Some time in the late 1940s two young men named Alexander Anderson and Jay Ward imagined what was to become the first animated cartoon created specifically for television. Crusader Rabbit, starring the eponymous rabbit and his somewhat thick-headed companion, Ragland T. (Rags) Tiger, appeared in a series of 10 stories called “Crusades”, each told in a number of 4-minute chapters. These were initially broadcast between 1950 and 1957. This was a syndicated program, dependent on local stations’ programming choices and not seen everywhere. I don’t remember now with certainty which local channel played it, thus making it available to viewers in rural northern Illinois; it might have been WREX, channel 13 in Rockford, Illinois, the home of Rollie Sponberg’s afternoon children’s show, but it was never among the cartoons he ran.
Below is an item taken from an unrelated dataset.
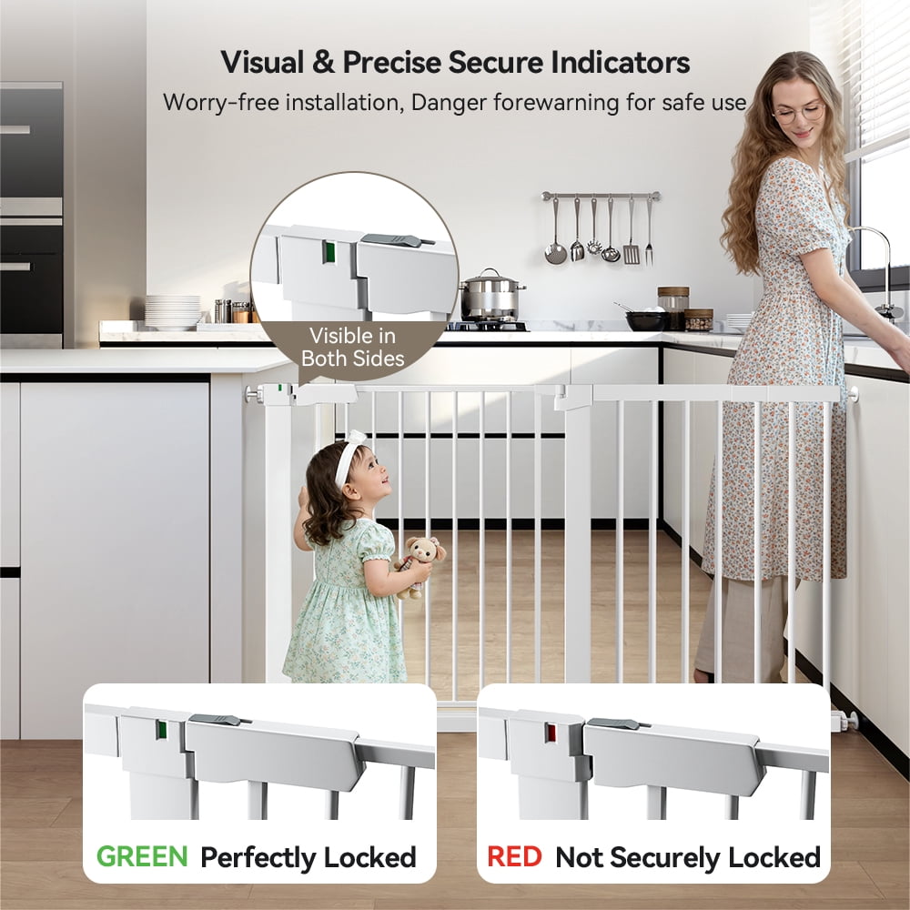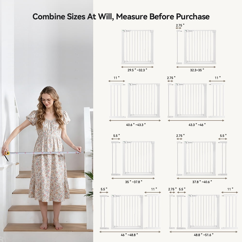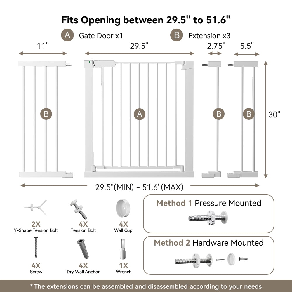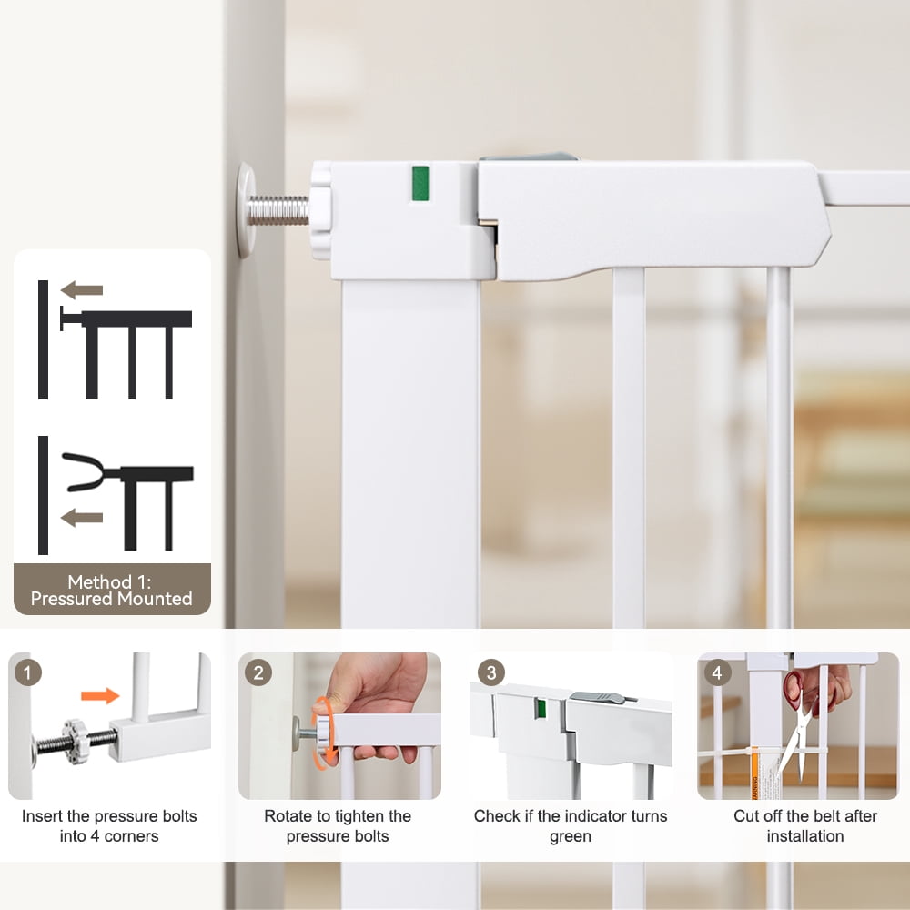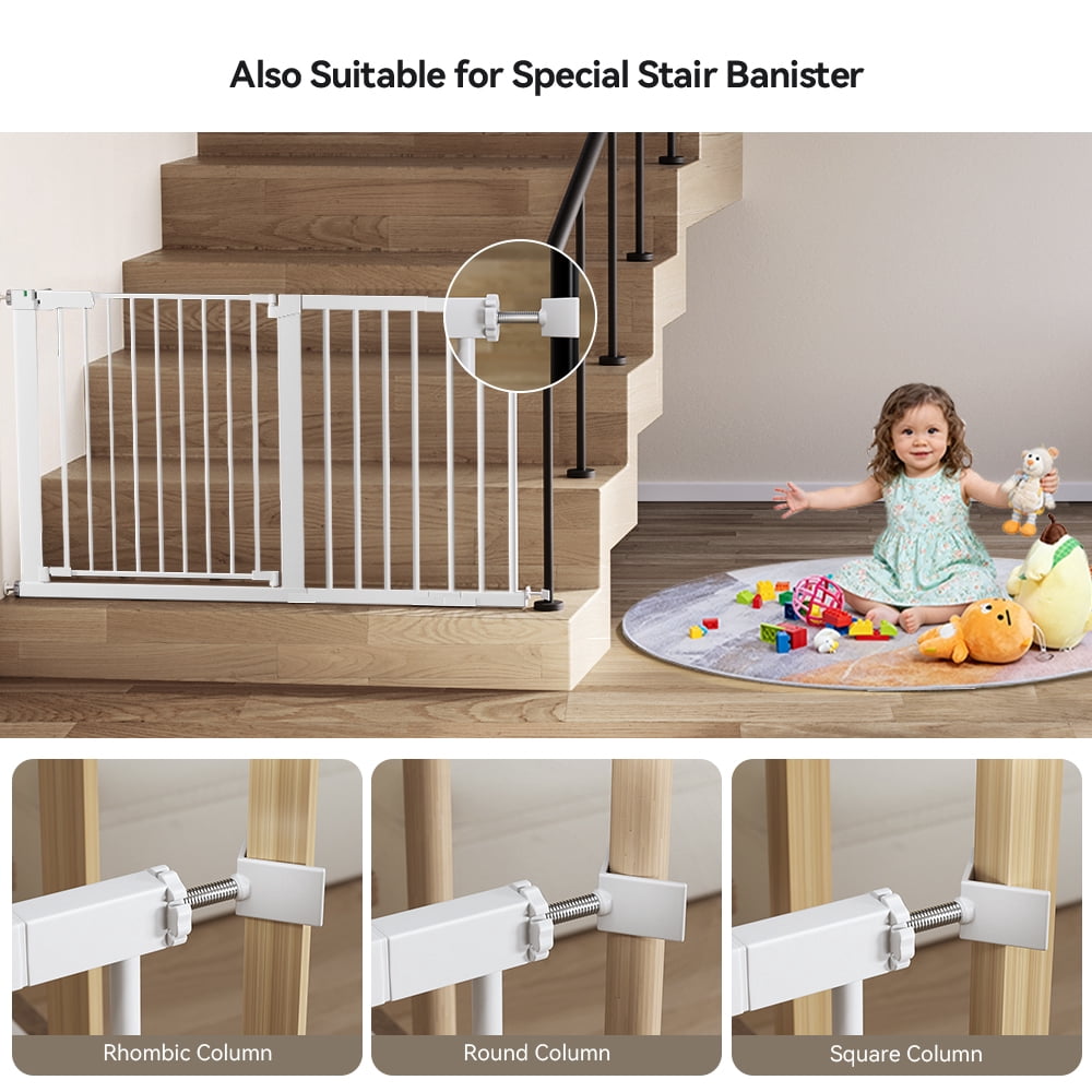 29.5-51.6” Extra Wide Baby Gate, Caveen 30”H Safety Doorway Gates Pressure Mounted,White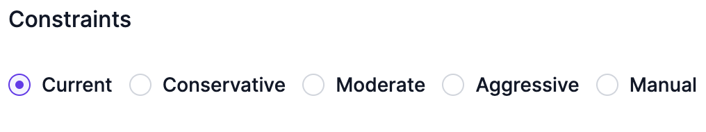 The Aggressive Constraint permits the widest range of adjustments, with spending recommendations ranging from 1% to 499% of the current spend. This constraint is suitable for scenarios where significant changes in budget allocation are considered.

Jay Ward went on to create a much more famous television cartoon featuring a flying squirrel, Rocket J. (Rocky) Squirrel, and his rather thick-headed companion, Bullwinkle J. Moose. Those who remember only Rocky and His Friends or The Bullwinkle Show should recognize similarities among the characters of these programs, as well as the abundance of puns and irreverent commentary.
When I was in elementary school in the 1950s Crusader Rabbit aired some time after school let out, and I would run home each day to watch that day’s episode, sprawled on the floor in front of our, or my friend Dave’s, television. The program was undoubtedly inserted among the advertisements between more important programs, but Crusader Rabbit was what I wanted to see, and we probably ran outside once it was over. I have no memory at all of the programs that surrounded it.
The first Crusader Rabbit “Crusade” was titled “Crusader vs the State of Texas”, and was told in 15 4-minute chapters. Someone has been kind enough to post these on YouTube, and I am going to point at them, one a day, over the next couple of weeks. I don’t know if anyone else will look at them, but I’ll be entertained.